A new campaign to lower the speed limit in urban areas from 30MPH to 20MPH has launched today (April 9).
The organisers say an emergency 20MPH limit will reduce the pressure on the NHS with fewer road casualties.
National campaign 20’s Plenty for Us has joined with 460 local community campaigns to support Lower the Baseline, a initiative set up by doctors to protect NHS services through public health interventions.
Rod King MBE, founder and campaign director of 20’s Plenty for Us, said: “It is in the Government’s power and interest to change all 30mph limits to 20mph by making appropriate public announcements, without any need to change road signs. The precedent already exists to change national speed limits in an emergency. The Government changed national speed limits in the 1974 fuel crisis to save petrol and it must do this in the 2020 Covid-19 crisis to save lives. This move will match the mood all of us to do everything possible for our NHS resources and staff.”
Supporting the move, Dr Robert Hughes (London School of Hygiene and Tropical Medicine) and 109 other doctors wrote in the Times on 25th March: “..each month there are nearly 3,000 road traffic collision-related admissions to NHS hospitals in England alone. Lowering and enforcing speed limits would reduce the frequency and severity of road traffic collisions.”

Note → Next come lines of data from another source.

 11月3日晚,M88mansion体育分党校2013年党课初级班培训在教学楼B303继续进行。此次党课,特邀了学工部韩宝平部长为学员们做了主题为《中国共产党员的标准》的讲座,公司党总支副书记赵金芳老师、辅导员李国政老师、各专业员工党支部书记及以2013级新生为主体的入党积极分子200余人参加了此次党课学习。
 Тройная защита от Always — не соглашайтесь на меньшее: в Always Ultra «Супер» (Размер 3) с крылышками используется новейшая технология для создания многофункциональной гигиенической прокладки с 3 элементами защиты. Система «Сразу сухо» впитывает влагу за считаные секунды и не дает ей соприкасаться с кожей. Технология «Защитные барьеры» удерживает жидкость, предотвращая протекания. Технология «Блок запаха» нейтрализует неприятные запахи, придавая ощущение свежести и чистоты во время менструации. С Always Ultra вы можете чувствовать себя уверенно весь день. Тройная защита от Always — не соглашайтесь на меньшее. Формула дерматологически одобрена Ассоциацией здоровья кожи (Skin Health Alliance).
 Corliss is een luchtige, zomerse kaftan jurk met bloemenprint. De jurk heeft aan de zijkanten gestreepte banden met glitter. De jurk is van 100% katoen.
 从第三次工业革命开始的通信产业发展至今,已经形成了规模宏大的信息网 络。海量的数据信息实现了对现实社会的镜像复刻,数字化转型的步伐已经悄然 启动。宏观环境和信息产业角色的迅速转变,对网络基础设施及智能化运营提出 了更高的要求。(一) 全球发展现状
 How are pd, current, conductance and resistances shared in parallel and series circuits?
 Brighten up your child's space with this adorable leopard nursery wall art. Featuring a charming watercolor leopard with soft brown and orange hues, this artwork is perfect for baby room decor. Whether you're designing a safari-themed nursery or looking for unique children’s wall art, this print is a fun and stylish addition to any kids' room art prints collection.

In England alone there are around 35,000 non-fatal admissions to hospital every year related to road traffic accidents. In Canada, lowering the speed limit from 40km/h to 30km/h (20mph) was associated with a 28% decrease in pedestrian-motor vehicle collisions and a 67% decrease in major and fatal injuries.
Population health expert Prof. Sunil Bhopal, said “We therefore suggest that the government urgently explore an emergency reduction of all national speed limits to 50mph, and to 20mph in urban areas.”

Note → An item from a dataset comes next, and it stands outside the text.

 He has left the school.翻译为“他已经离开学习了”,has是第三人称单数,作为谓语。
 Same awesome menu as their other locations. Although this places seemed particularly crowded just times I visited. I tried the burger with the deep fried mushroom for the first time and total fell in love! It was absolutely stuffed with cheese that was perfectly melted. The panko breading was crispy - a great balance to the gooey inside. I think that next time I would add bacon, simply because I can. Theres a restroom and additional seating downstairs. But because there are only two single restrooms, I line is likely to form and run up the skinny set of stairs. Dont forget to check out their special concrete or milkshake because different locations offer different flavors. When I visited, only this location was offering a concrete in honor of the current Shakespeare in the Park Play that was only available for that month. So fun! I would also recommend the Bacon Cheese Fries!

Glenn Ewen - 09/04/2020 11:44
This is a strange time to be pushing this agenda again. Whilst every assistance should be given to the NHS during this crisis, it is very clear that there are hardly any vehicles on most roads, particularly in residential areas, and very few pedestrians likely to interact with those few vehicles. The Police, and Government will have other things to do at the moment than enforce this, let alone introduce emergency legislation. There is even serious doubt whether the 20mph limits are effective, and even some evidence that incidents have increased as drivers spend more time watching their speedos than they do the road ahead.